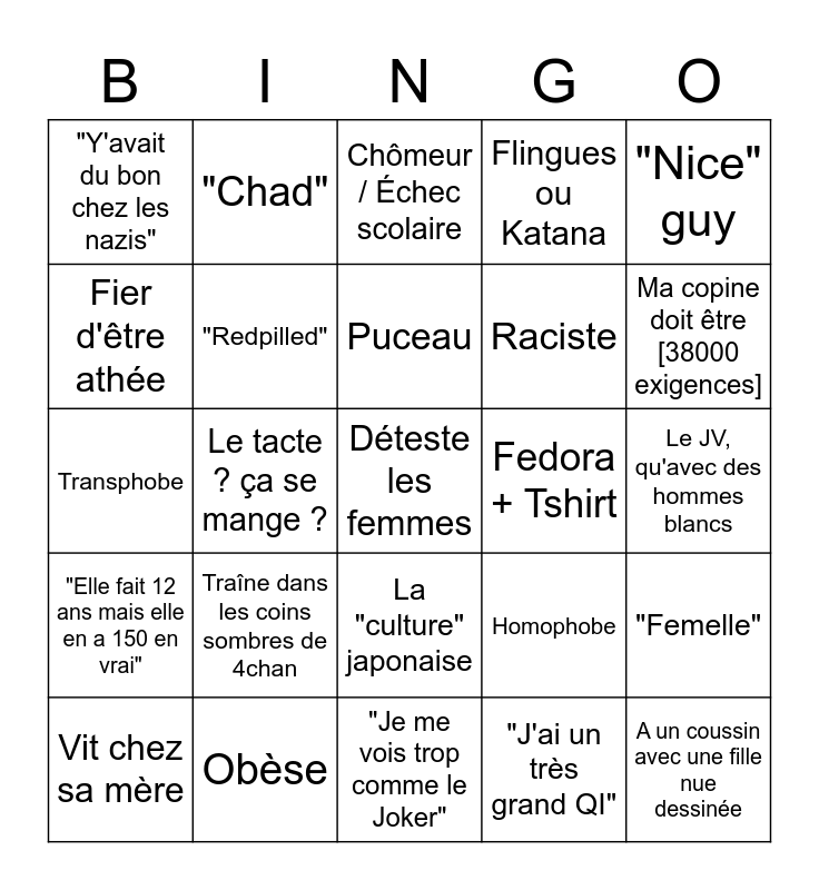 This bingo card has a free space and 24 words: Traîne dans les coins sombres de 4chan, Obèse, Puceau, Vit chez sa mère, "Nice" guy, "Y'avait du bon chez les nazis", Fier d'être athée, "Chad", Fedora + Tshirt, La "culture" japonaise, Raciste, Transphobe, Homophobe, "Femelle", "Redpilled", "J'ai un très grand QI", Le JV, qu'avec des hommes blancs, Chômeur / Échec scolaire, Ma copine doit être [38000 exigences], Le tacte ? ça se mange ?, A un coussin avec une fille nue dessinée, "Elle fait 12 ans mais elle en a 150 en vrai", Flingues ou Katana and "Je me vois trop comme le Joker".
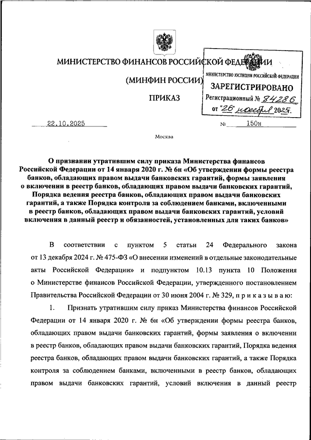 ПРИКАЗ Минфина РФ от 22.10.2025 N 150н
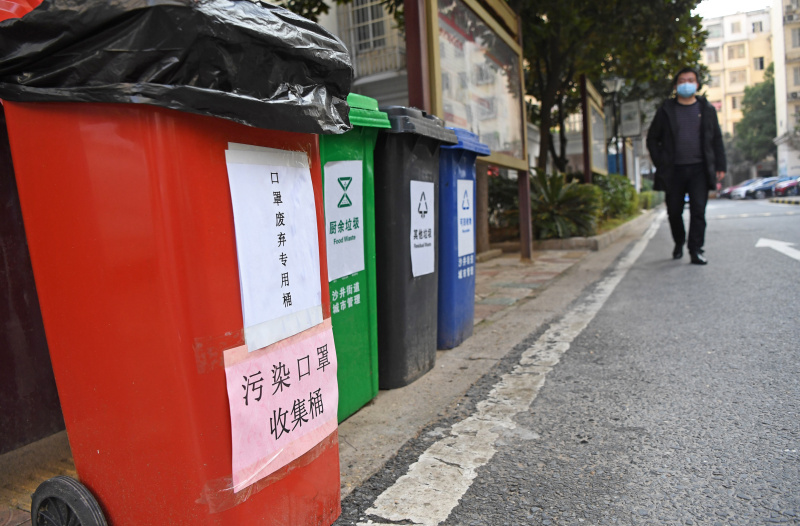 新型冠状病毒感染的肺炎疫情发生后,口罩使用量剧增。近日,江西省南昌市在各城区设置废弃口罩专用垃圾桶1万余个,号召市民正确处理废弃口罩。收集到的废弃口罩将由环卫部门进行专车运输、定点处理。
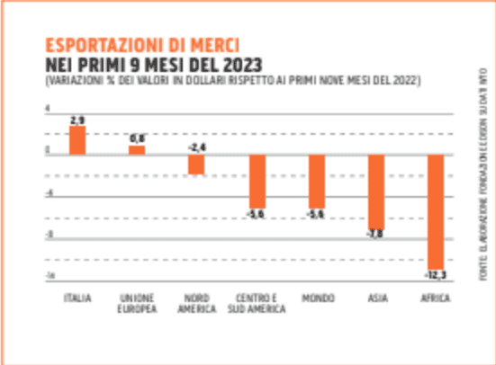 In base alle ultime statistiche WTO disponibili, nel corso del terzo trimestre la situazione è ulteriormente peggiorata, con un calo dell’export mondiale di merci in dollari rispetto al terzo trimestre 2022 del 7,6%, che ha portato la flessione complessiva rilevata nei primi nove mesi del 2023 a -5,6%. Le più forti cadute delle esportazioni in valore nei primi tre trimestri del 2023 hanno riguardato l’Africa (-12,3%) e l’Asia (-7,8%), mentre in questo contesto complicato l’Italia, pur rallentando, è riuscita a mantenere una lieve crescita (+2,9%), facendo meglio di tutte le aree mondiali.

================================

◆ Work request:
Copy out the lines above unchanged. Skip the images.

◆ Solution to the problem:
 This bingo card has a free space and 24 words: Traîne dans les coins sombres de 4chan, Obèse, Puceau, Vit chez sa mère, "Nice" guy, "Y'avait du bon chez les nazis", Fier d'être athée, "Chad", Fedora + Tshirt, La "culture" japonaise, Raciste, Transphobe, Homophobe, "Femelle", "Redpilled", "J'ai un très grand QI", Le JV, qu'avec des hommes blancs, Chômeur / Échec scolaire, Ma copine doit être [38000 exigences], Le tacte ? ça se mange ?, A un coussin avec une fille nue dessinée, "Elle fait 12 ans mais elle en a 150 en vrai", Flingues ou Katana and "Je me vois trop comme le Joker".
 ПРИКАЗ Минфина РФ от 22.10.2025 N 150н
 新型冠状病毒感染的肺炎疫情发生后,口罩使用量剧增。近日,江西省南昌市在各城区设置废弃口罩专用垃圾桶1万余个,号召市民正确处理废弃口罩。收集到的废弃口罩将由环卫部门进行专车运输、定点处理。
 In base alle ultime statistiche WTO disponibili, nel corso del terzo trimestre la situazione è ulteriormente peggiorata, con un calo dell’export mondiale di merci in dollari rispetto al terzo trimestre 2022 del 7,6%, che ha portato la flessione complessiva rilevata nei primi nove mesi del 2023 a -5,6%. Le più forti cadute delle esportazioni in valore nei primi tre trimestri del 2023 hanno riguardato l’Africa (-12,3%) e l’Asia (-7,8%), mentre in questo contesto complicato l’Italia, pur rallentando, è riuscita a mantenere una lieve crescita (+2,9%), facendo meglio di tutte le aree mondiali.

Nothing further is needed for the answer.